In the entries below, find the line with "为弘扬勤俭、节约的美德,践行" and the line with "素言家具のレトロ波形デザイン"; reproduce those two lines and all lines between them exactly, without pictures.

Stored items from a collection:
#####
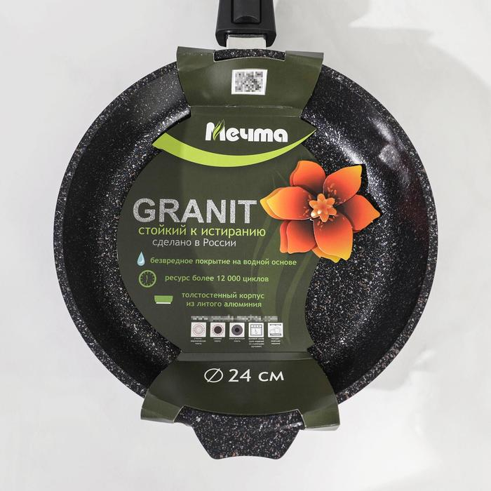 Сковорода «Гранит Star», d=24 см, съёмная ручка, антипригарное покрытие, цвет чёрный
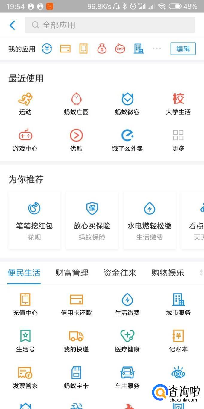 首先打开支付宝返回支付宝首页,在首页点击更多,然后选择运动,点击打开。
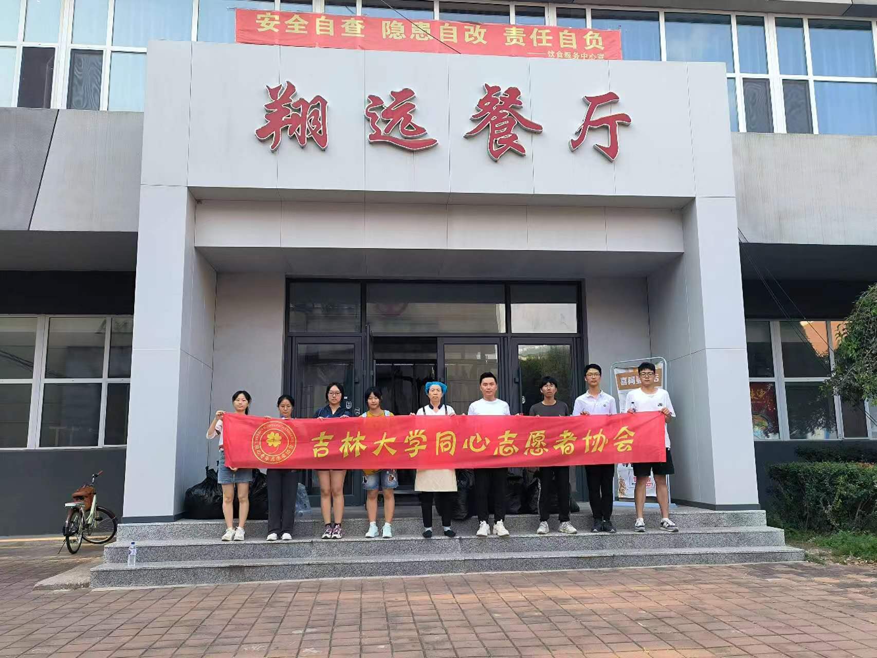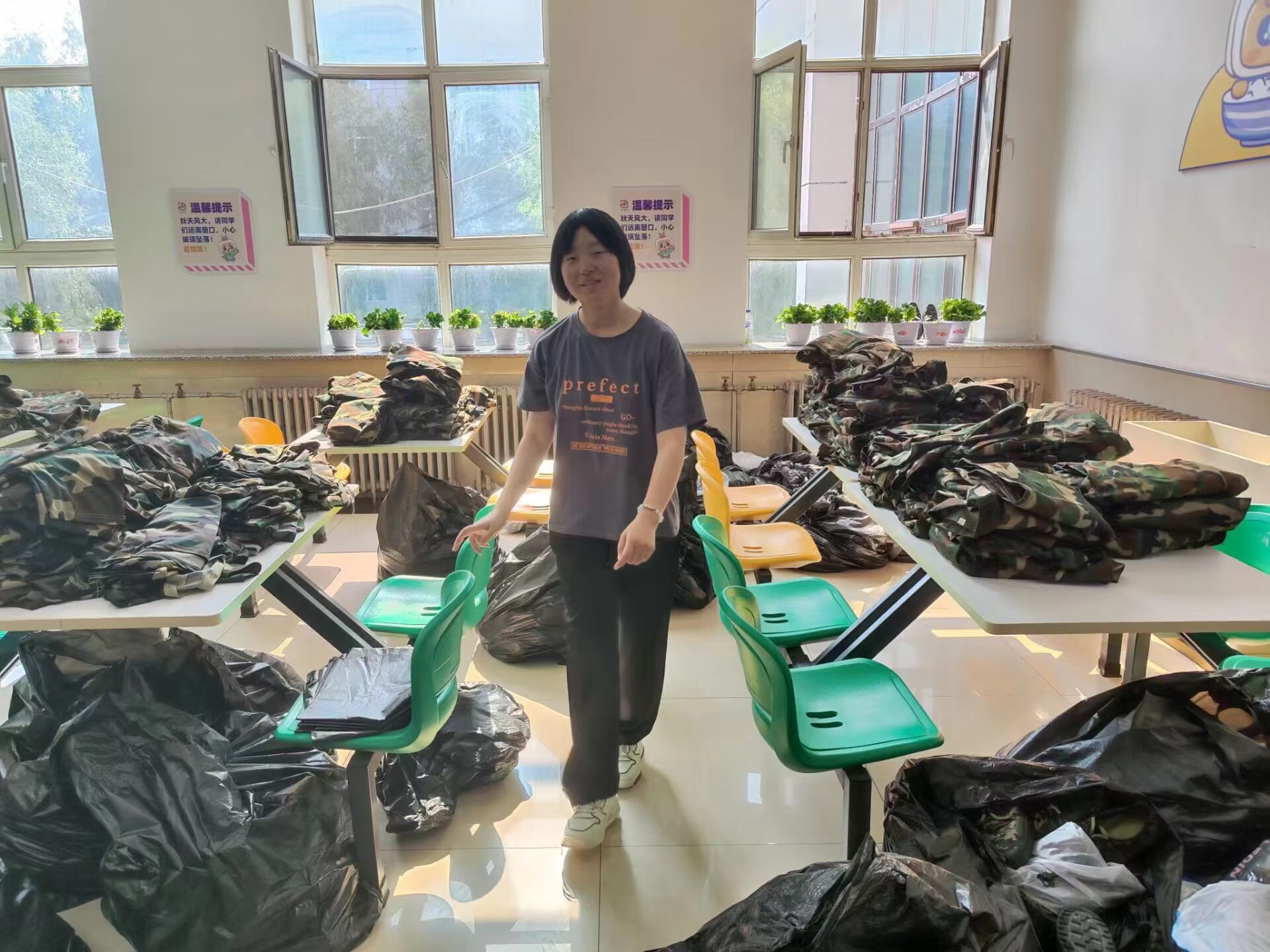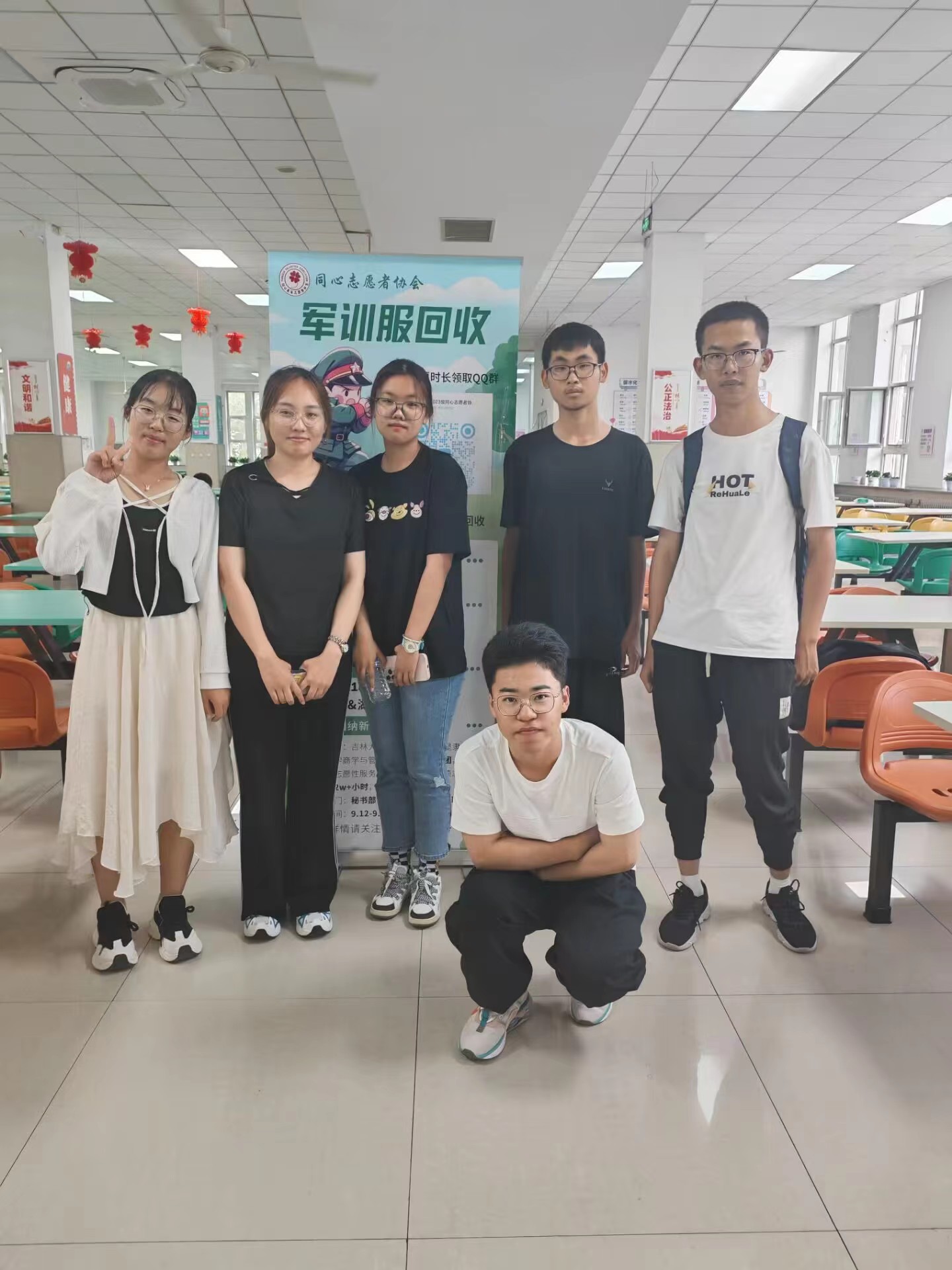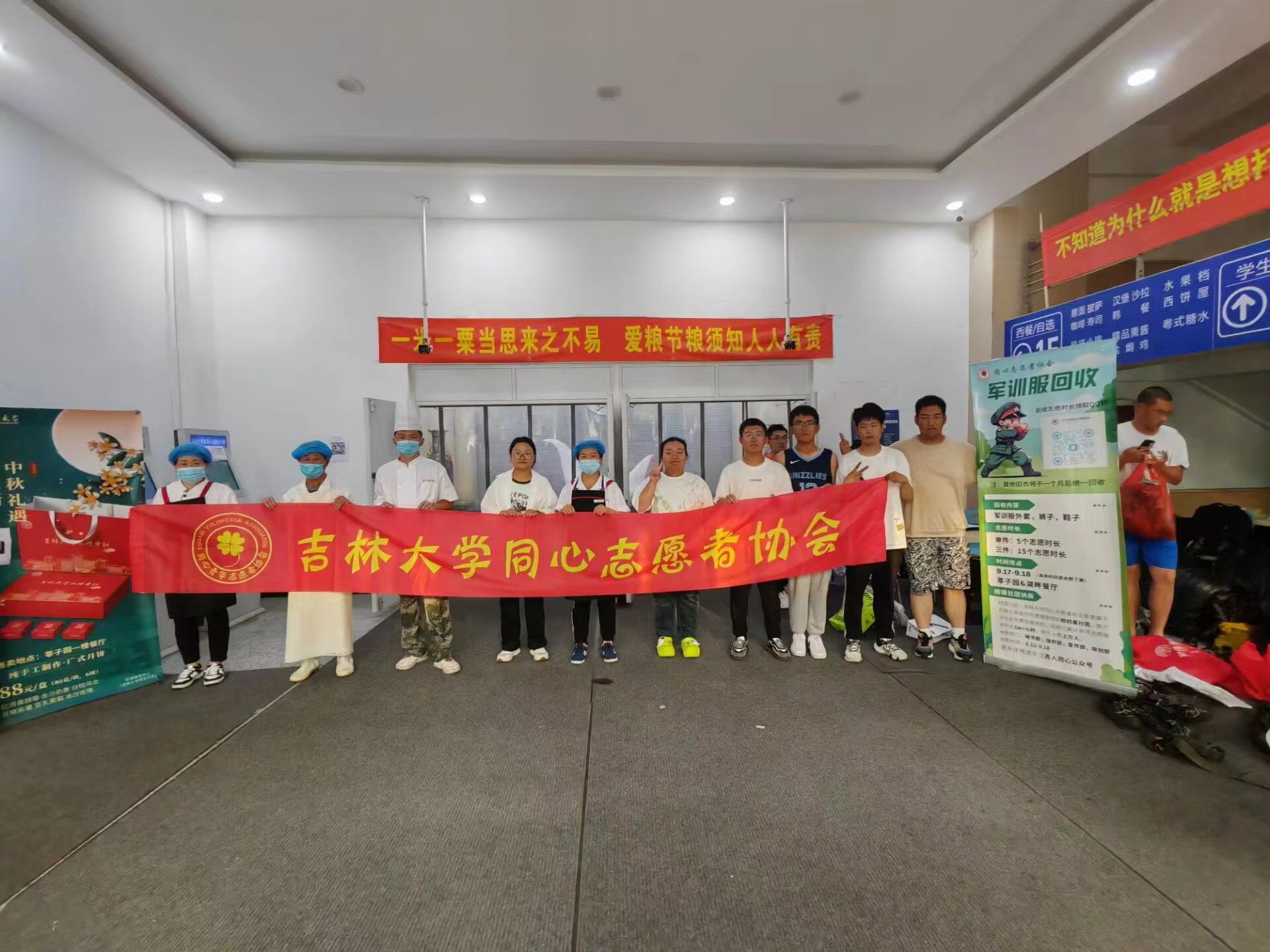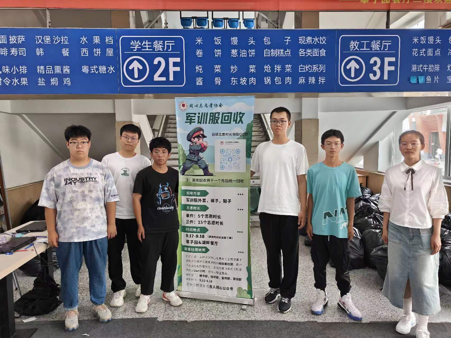 为弘扬勤俭、节约的美德,践行“绿水青山就是金山银山”的绿色生活方式,传递“奉献、友爱、互助、进步”的志愿者精神,在院团委的支持下,伟德官网同心志愿者协会于2023年9月16日至9月17日在翔远餐厅、莘子园餐厅以及湖畔餐厅举行了军训服回收活动,将回收的军训服捐赠给食堂的工作人员。
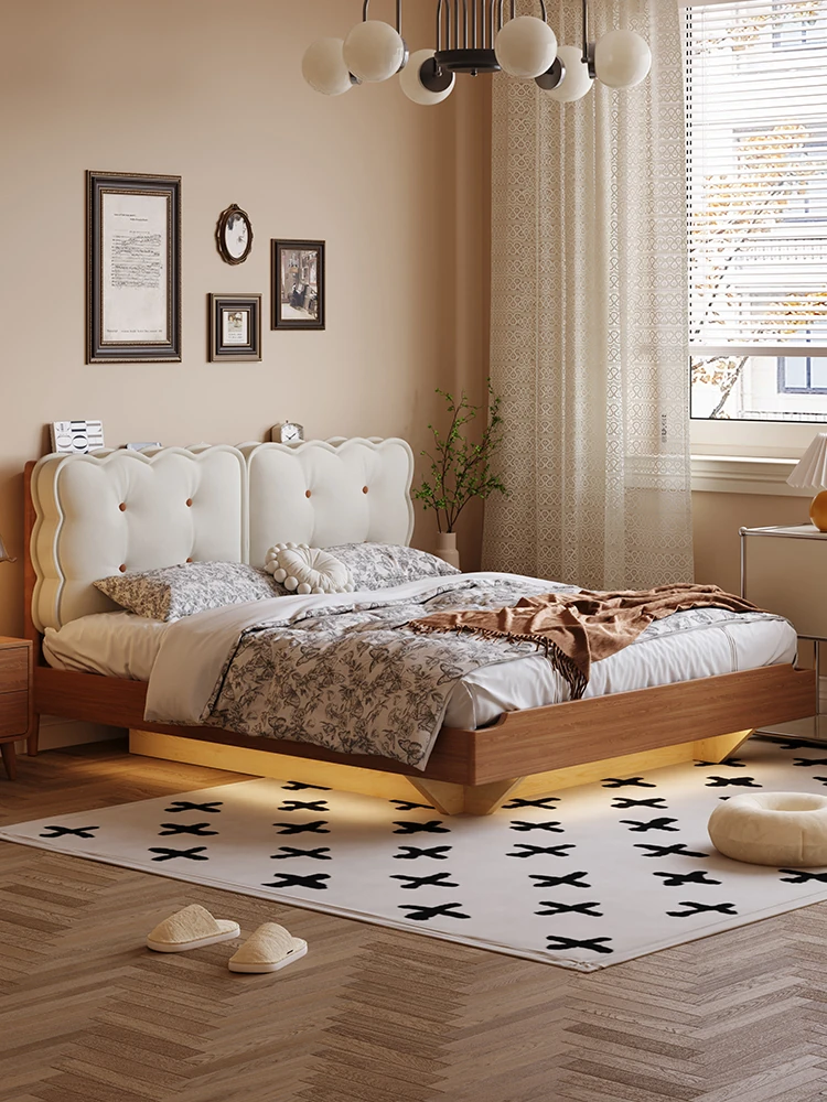 素言家具のレトロ波形デザインベッド|高背・クリーム色のモダンシンプル収納ダブルマスター寝室用|お洒落で快適な寝空間を演出!
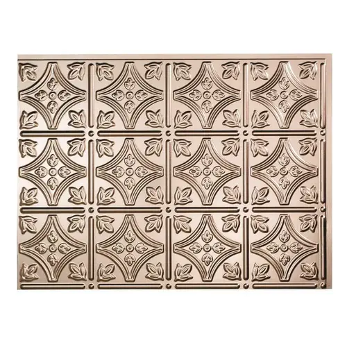 Transform an ordinary kitchen or bathroom into a stylish space. Decorative thermoplastic backsplash panels for use in kitchens and bathrooms provide the classic look of traditional tin backsplash at a fraction of the cost. Whether remodeling an entire room or simply accenting a small area, these backsplash panels create an instant designer look. Unlike traditional tin panels that require decades to acquire an antique look, these backsplash panels have that turn-of-the-century authenticity right out of the box. Finishes range from matte white or brushed aluminum to Bermuda bronze or cracked copper. Adding an artistic element to your kitchen or bathroom has never been easier. The backsplash panels can be cut with a snip, scissors or utility knife for quick and easy installation. Installs with 2-sided tape or polyurethane construction adhesive.
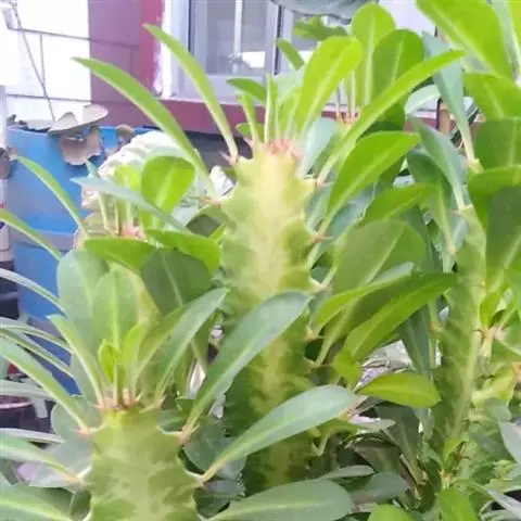 小乔木,高2~6米,直径10~25厘米,老时呈灰色或淡灰色,幼时绿色,上部平展或分枝;小枝肉质光棍…
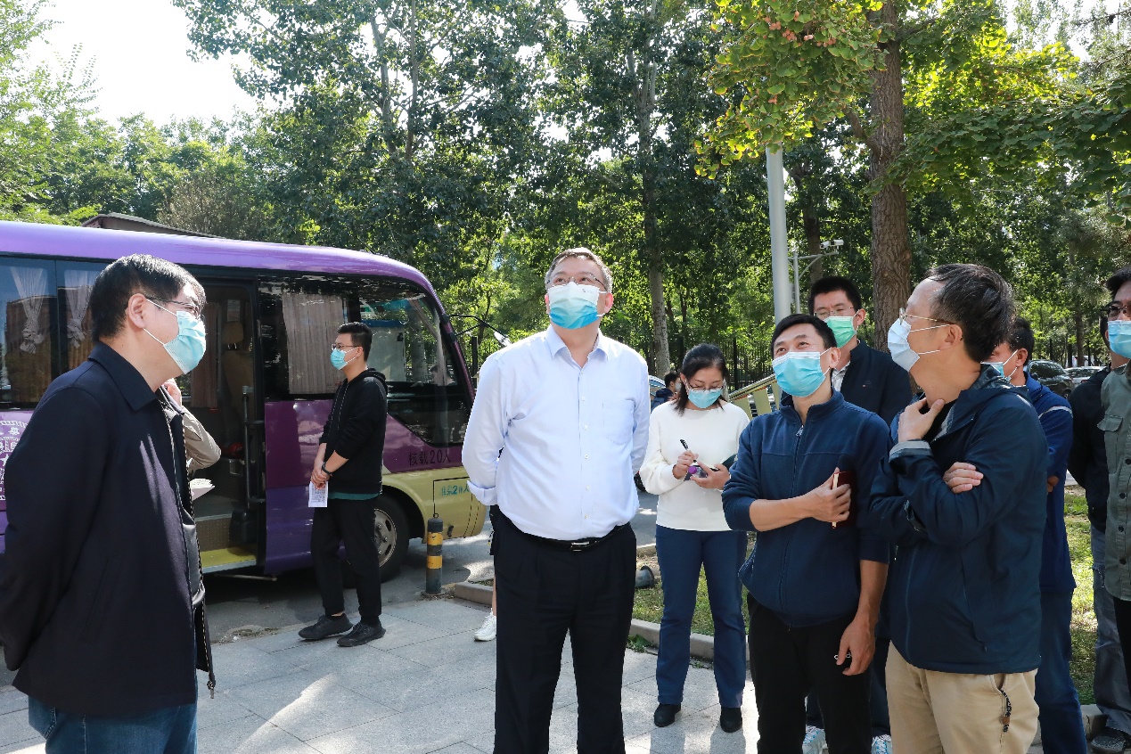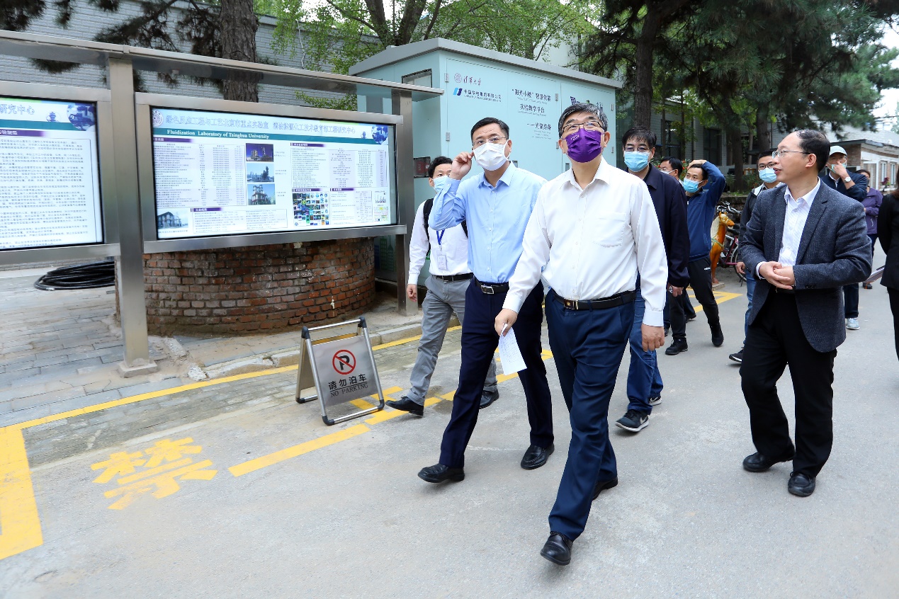 9月29日,尤政一行首先来到检查第一站——电子系。尤政向电子系相关负责人详细了解了罗姆楼外墙的施工进展、安全防护、后期维护、经费保障等情况,就恶劣天气的施工状况进行了深入交流。随后,尤政与在场工人亲切交谈,并叮嘱假期注意施工安全。
#####
### EXERCISE RESPONSE
 为弘扬勤俭、节约的美德,践行“绿水青山就是金山银山”的绿色生活方式,传递“奉献、友爱、互助、进步”的志愿者精神,在院团委的支持下,伟德官网同心志愿者协会于2023年9月16日至9月17日在翔远餐厅、莘子园餐厅以及湖畔餐厅举行了军训服回收活动,将回收的军训服捐赠给食堂的工作人员。
 素言家具のレトロ波形デザインベッド|高背・クリーム色のモダンシンプル収納ダブルマスター寝室用|お洒落で快適な寝空間を演出!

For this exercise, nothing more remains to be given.